The core survey included 45 questions on registrants’ experience during Harvey, broken down into sections covering background demographics, the impact of Hurricane Harvey on their living environment, their physical and mental health prior to, during and after the storm event, and an open ended response question. A checklist of potential physical symptoms of interest was created in collaboration with health departments to include (1) runny nose, cough, postnasal drip, itchy eyes, or dry/scaly skin, (2) headaches/migraines, (3) problem concentrating, (4) skin rash, and (5) shortness of breath, chest tightness or pain, whistling or wheezing sound when exhaling, coughing or wheezing attacks by the cold or the flu, or trouble sleeping because of these respiratory symptoms. To evaluate mental health, the survey implemented the 15-item self-report impact of event scale (IES) tool [27]. The full survey is presented in the Supplemental Material.
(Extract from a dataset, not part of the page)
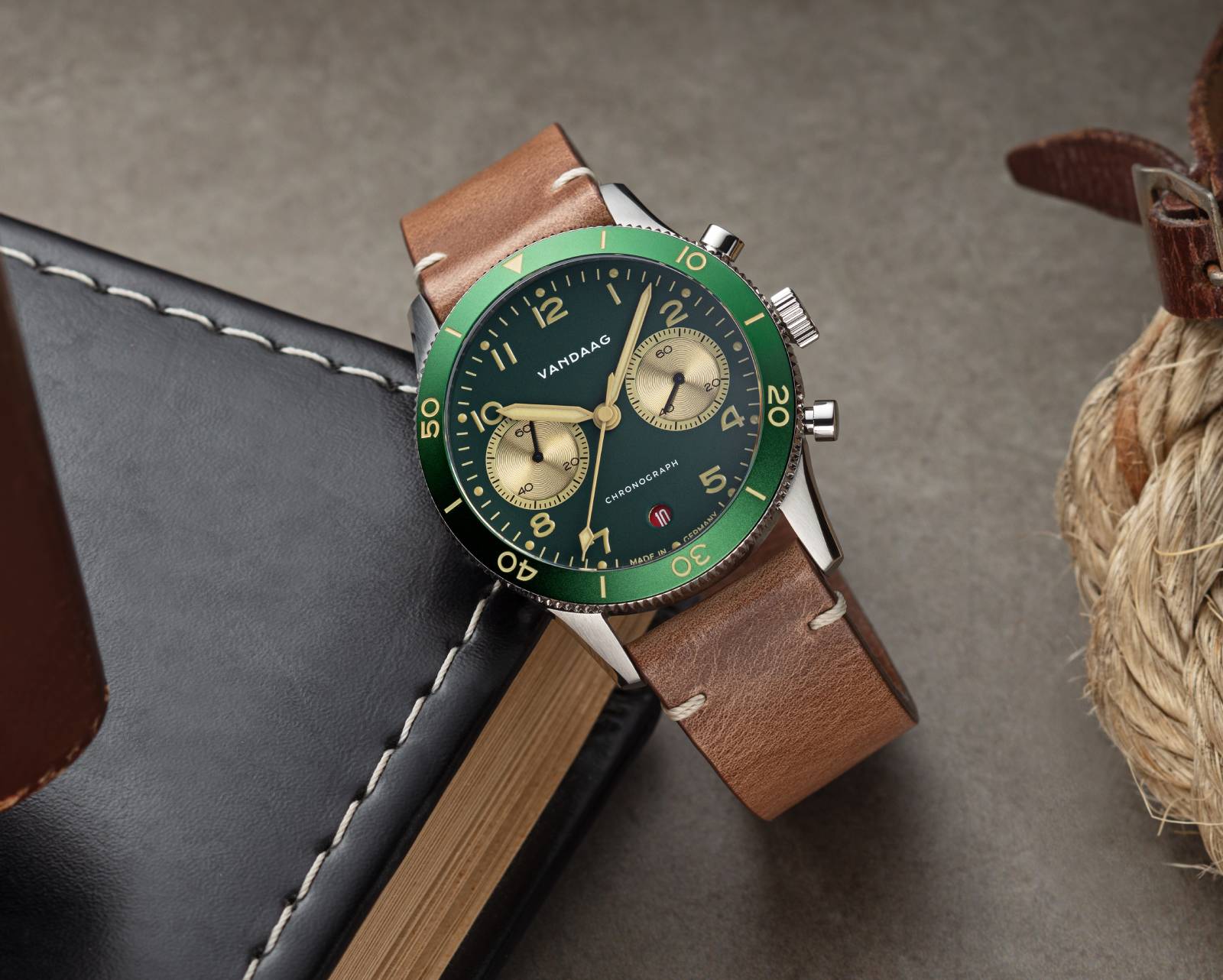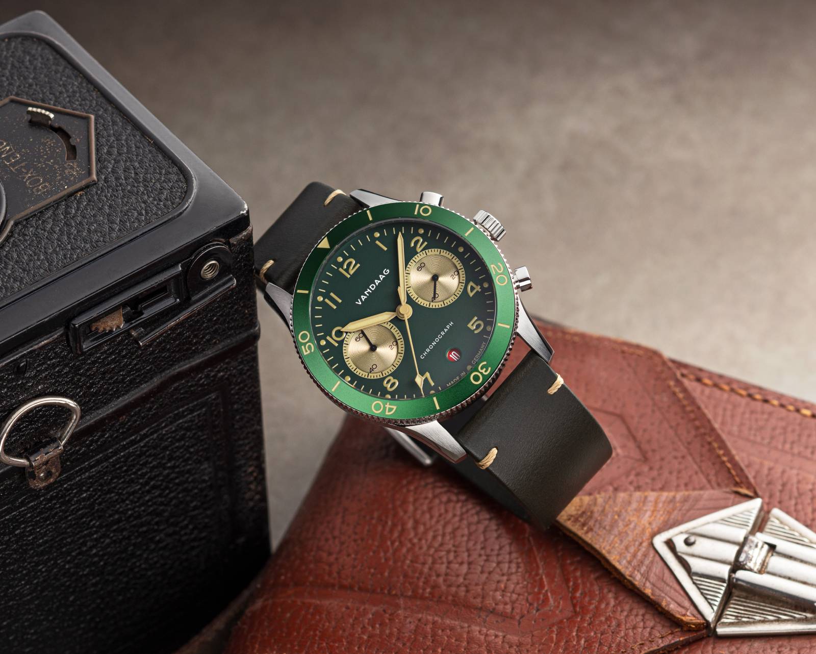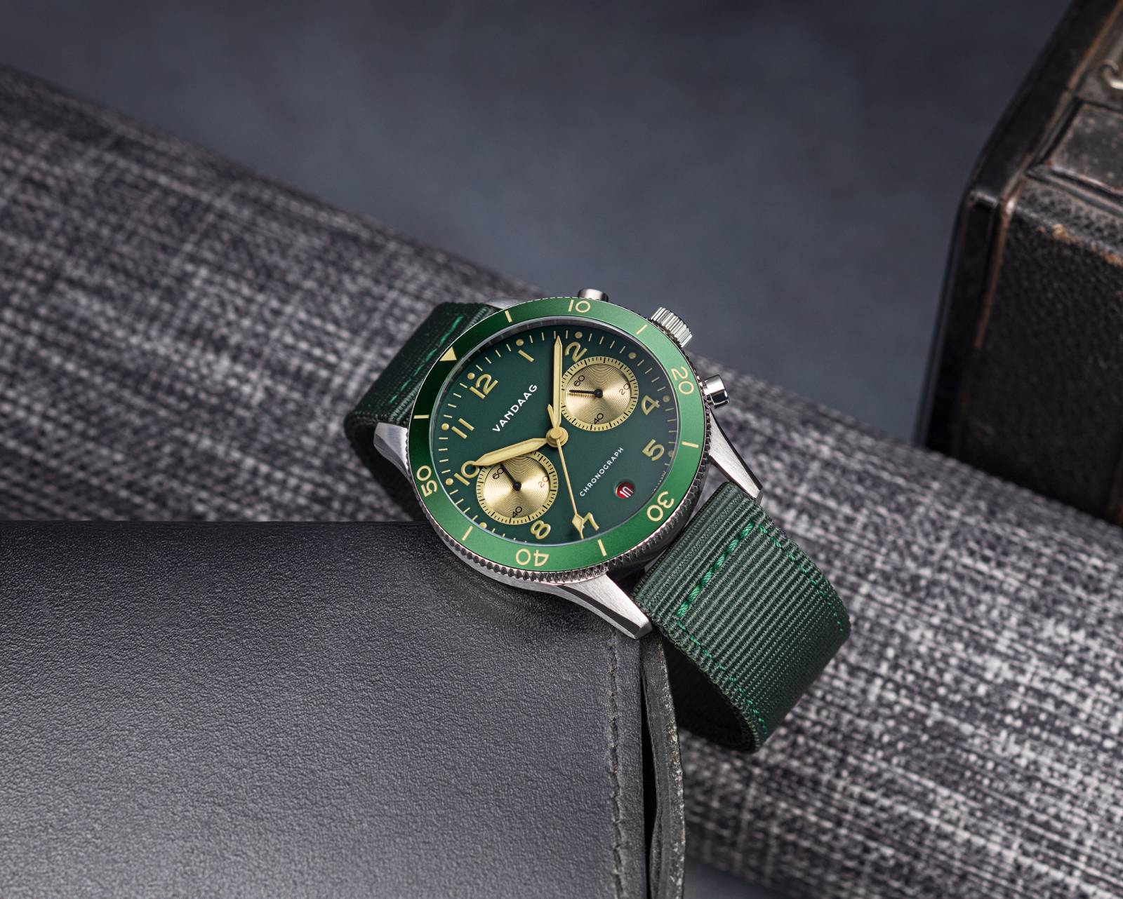 Herrenuhr Chronograph Grün im Stil einer Fliegeruhr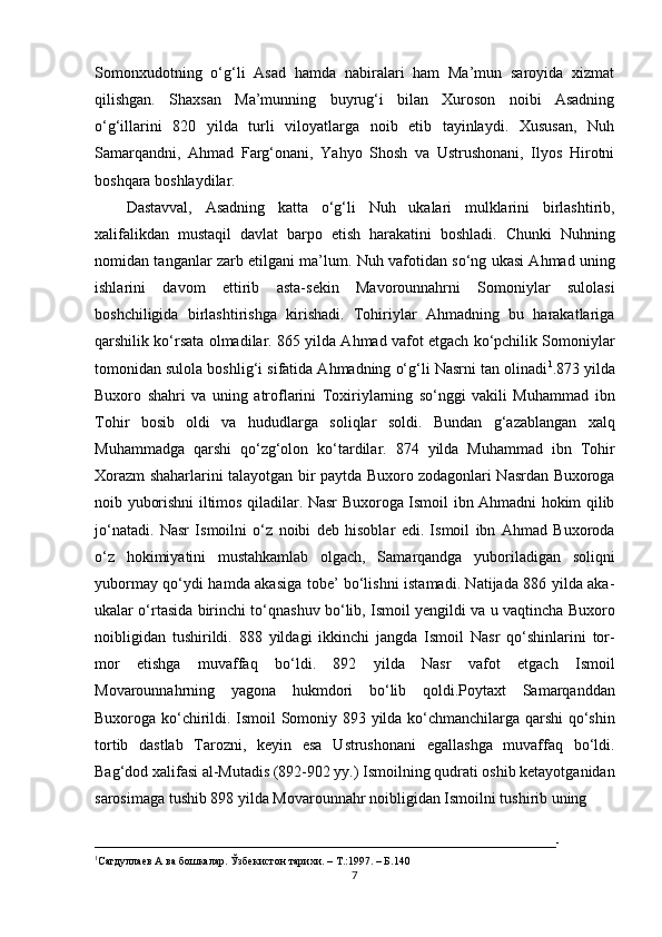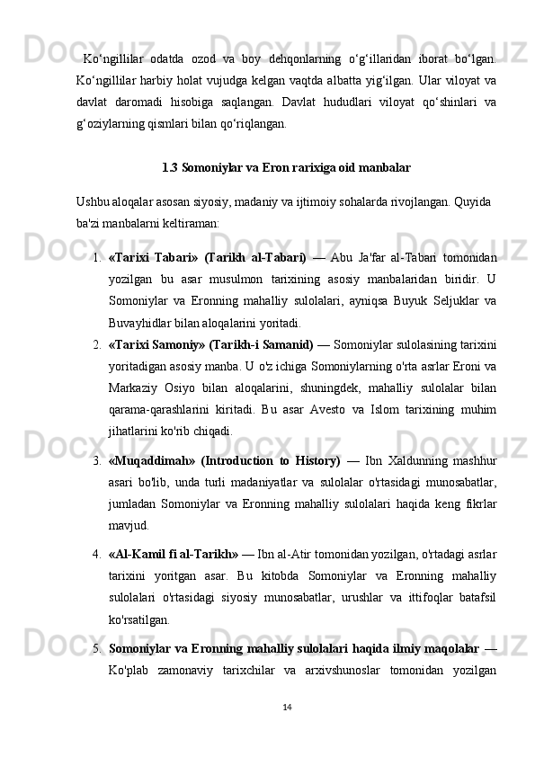 Somoniylar va Eronning mahalliy sulolalari orasidagi aloqalar tarixiga oid manbalar

In early May 2019, a severe weather event hit parts of Texas, including the Greater Houston area. Torrential rain caused 37,000 power outages, at least three bayous to overflow their banks, and dozens to be reported trapped in floodwater on Interstate 10 [28]. In response to this event, the Texas Flood Registry added questions to its core online survey so that new registrants have the option to document how this flood event affected them. These additional questions are also available to previous registrants in an online supplemental survey. We responded similarly when Tropical Storm Imelda inundated areas along the Gulf Coast in September 2019. Data collection is ongoing, open to all who were present during the event to report their experiences and impacts from each storm.

Statistical analysis

We have consolidated and spatially referenced the environmental data collected during and in the aftermath of the storms. Samples collected before, during, and after the storm are housed within the Urban Data Platform at Rice University and freely accessible. Multiple research teams collected extensive datasets that include sampling (E. coli, Volatile Organic Compounds (VOCs), Benzene/Toluene/Ethylbenzene/Xylenes (BTEX), fine particulate matter (PM2.5), ozone, and others), rain melt/precipitation and flood gage readings, drinking water quality, Federal Emergency Management Agency (FEMA) shelters, power outages, city requests for service, debris management sites, transportation infrastructure, FEMA Individual Assistance records, aerial imagery, and more. Additional information on how, when, and by whom these different data were collected is available in the metadata associated with each dataset stored on the Urban Data Platform. In addition, we have also linked via shared geography a host of environmental and social data that are also relevant to assessing the health and well-being of Houston area residents. All data are space- and time-referenced, allowing for integration with the registry data.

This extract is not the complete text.